If you're part of a minority group then having a symbol to rally around can be community strengthening. Like the gay pride rainbow flag we're all familiar with. Cross Dressers and the trans community uses a few different ones. The most common are the pink, blue, white flag which I love because it hangs the right way no matter which way up you put it :) and the trans Israel symbol showing the combination of the male and female symbols. Very cool and well thought out.
Personally though I think the symbol should be a dragonfly. And not just because I have an awesome dragonfly henna tattoo right now. Dragonflies are sort of my thing. So much so that in addition to selling fruits and veggies we also make and sell swarovski crystal dragonfly sun catchers. Let me tell you the story behind these unique crystal creations.
The Dragonfly is a very simple yet symbolic and mystical creature, epitomizing the ever changing world around us. Starting its life under water as a humble beetle and then scrambling out of its watery beginnings to transform into a beautiful creature that swoops and glides through the air on the frailest transparent wings that glow with ever-changing color in the sunlight. Not unlike the struggles that face each one of us every day.
On a personal note, we're doing ok. Rachael is away for work right now and will be home tonight. It'll give us a chance to get some chores done and to talk about her observations from the CD Club meeting she went to this past Monday. Chatting online is one thing but actually talking face to face is another. You communicate so many things non-verbally. I've noticed that with people who cross dress or cross act, that there's a definite level of comfort and openness in those who are fully dressed and acting as their femme selves. They tend to be more open, modulate their voices and even blink more. Small things but they make passing easier and it seems to me that communication is better too.
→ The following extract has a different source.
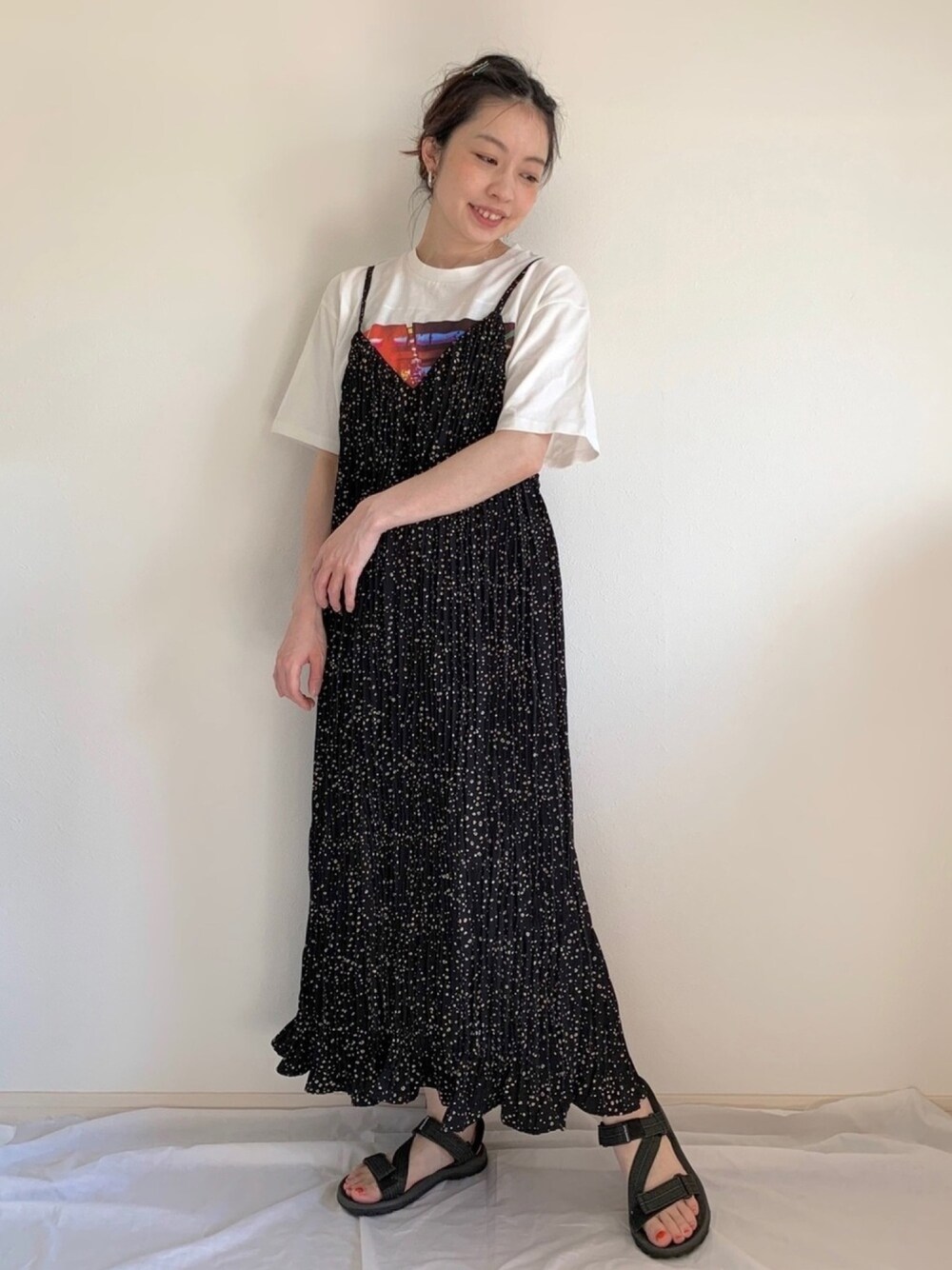 こんばんは🐈 今日はもう一つ ●メンズTシャツコーデ● メンズのフォトプリントTがかわいくてゲット ワンピースで合わせてみました お気に入り! 今日も一日お疲れ様でした🌈

A couple of months ago I was at the dentist with one of the girls and sat opposite a nice trans lady who was very uncomfortable being there it seemed. She was waiting for her daughter. I saw her again today in Walmart so she must be local. I wonder if she is actually trans or CD. I mean I'm not exactly going to ask and it's none of my business. But like my friend Emma, (I'll just call her Emm for short if that's ok) I wish there was a way of being able to recognize each other out in public and to be recognized. This lady has a mix of feminine attributes and masculine, I've only had the opportunity to observe closely because we had that time in the dentist waiting room. I wonder how many others I'm missing. Maybe we need a secret phrase or handshake after all Emm!
I feel a bit stuck between two worlds at the moment. On the one hand I have the church, right wing conservative, community volunteer, family raising side of my life and on the other is this amazing sub-culture that almost feels like a guilty pleasure. It's a hard balancing act. Is this how cross dressers feel? Caught between two worlds?